Could Suspended Animation Change the Future of Accident & Emergency?


By Banda Chisomo, King Edward IV Five Ways School, Birmingham

Picture this: a patient has a large gunshot wound to their lower abdomen and they had excessive haemorrhaging before suffering from myocardial infarction and flatlining. They are rushed to the accident and emergency ward where the doctors assess the extent of the damage and they agree that under traditional care the patient has a 7% chance of survival. However, with the use of suspended animation, the survival rate of this particular patient (and plenty other trauma patients) could be vastly increased.

The technical term for this process is emergency preservation and resuscitation (EPR). This idea has appeared plenty of times in movies but it is often more extreme, resembling something like cryogenic preservation whereby patients are thawed after “x” amount of time. This type of suspended animation actually involves the doctors inducing a state of hypothermia in the patient. Their blood is replaced with a very cold, saline solution (10°C/50°F) in about 15 minutes. This is quite strange to imagine because we require blood to transport oxygen around the body for vital life processes. However, when the body temperature is this low, cellular activity is significantly reduced and often grinds to a halt enabling cells to survive without oxygen.

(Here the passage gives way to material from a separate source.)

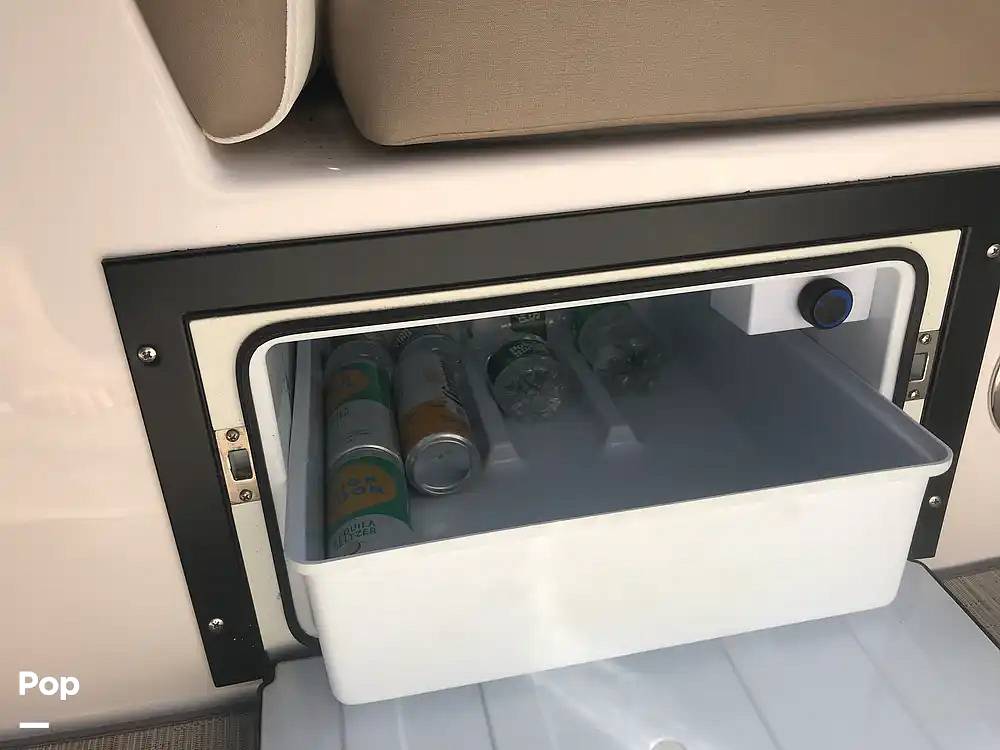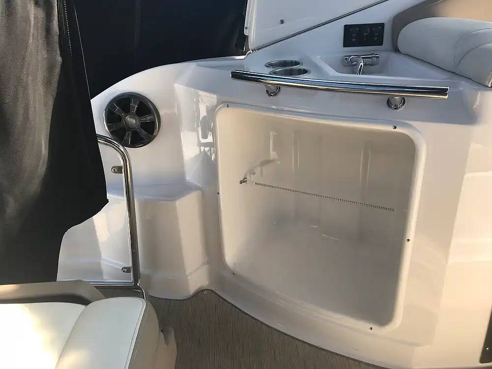 The Captain has a double-bolster seat with a portside full-length adult-size lounge. Tucked under the lounge is a perfectly sized icebox.

This prevents further damage to tissue and organs. One mustn’t forget the brain, which can suffer irreversible damage without blood flow for 4-5 minutes at normal temperature, so cooling is the main priority. The exact process is as follows:

1. Insert a cannula directly into the aorta

2. Pump cold, saline solution in through the heart and towards the brain first (the most vulnerable organ to oxygen deprivation)

3. Pump solution to the rest of the body which empties the remaining blood volume of the patient. At this point the patient should have no blood and no brain activity.

4. After the surgical repairs, replace the saline solution with blood again. The patient will then be resuscitated using a heart-lung bypass machine, should the heart not start again independently.

This is where the major discrepancy between this technique and cryogenic freezing lies. It allows surgeons around two hours to treat and repair the trauma injuries, which is plenty more than they would have using traditional treatment. Effectively it’s like pressing a pause button whilst surgeons get to work. Quite obviously this is different to freezing a patient for many years and bringing them back to life.

Dr Sam Tisherman and a team of surgeons at UPMC Presbyterian Hospital in Pittsburgh, Pennsylvania, started human trials for a practical application of EPR back in 2014. Dr Peter Rhee at the University of Arizona in Tucson also began research on this much before Tisherman after being approached by the military and developed a technique through experimenting on pigs. Dr Rhee’s work was more focused on the re-warming of trauma victims to find the optimum rate of re-warming. He inflicted a lethal wound on 40 test pigs to simulate real-world trauma scenarios and some pigs were cooled down using a very similar method. He had ten control pigs which were not cooled down and they all died due to excessive haemorrhage while their core temperature was maintained at 36°C-37°C. The surgeons were able to save seventeen other pigs and they were split into groups. A group of 10 had their bodies re-warmed at a rate of 0.25°C/minute (slow), another group of ten had their bodies re-warmed at a rate of 0.5°C/minute (medium) and the final group of ten had their bodies re-warmed at a rate of 1°C/minute (fast). Of the ten re-warmed slowly, 50% survived; of the 10 re-warmed at a medium rate, 90% survived and of the 10 re-warmed quickly, 30% survived. To quote the research “after discontinuation of cardiopulmonary bypass, the animals were recovered and monitored for six weeks for neurological deficits, cognitive function and organ dysfunction. All the surviving animals were neurologically intact, displayed normal learning capacity, and had no long-term organ dysfunction.” This research is integral because it shows that long-term survival is heavily influenced by the rate of reversal of hypothermia.

EPR seems revolutionary and it should become normal practice in the coming years. This will not only save more lives but reduce the amount of stress in the lives of trauma surgeons.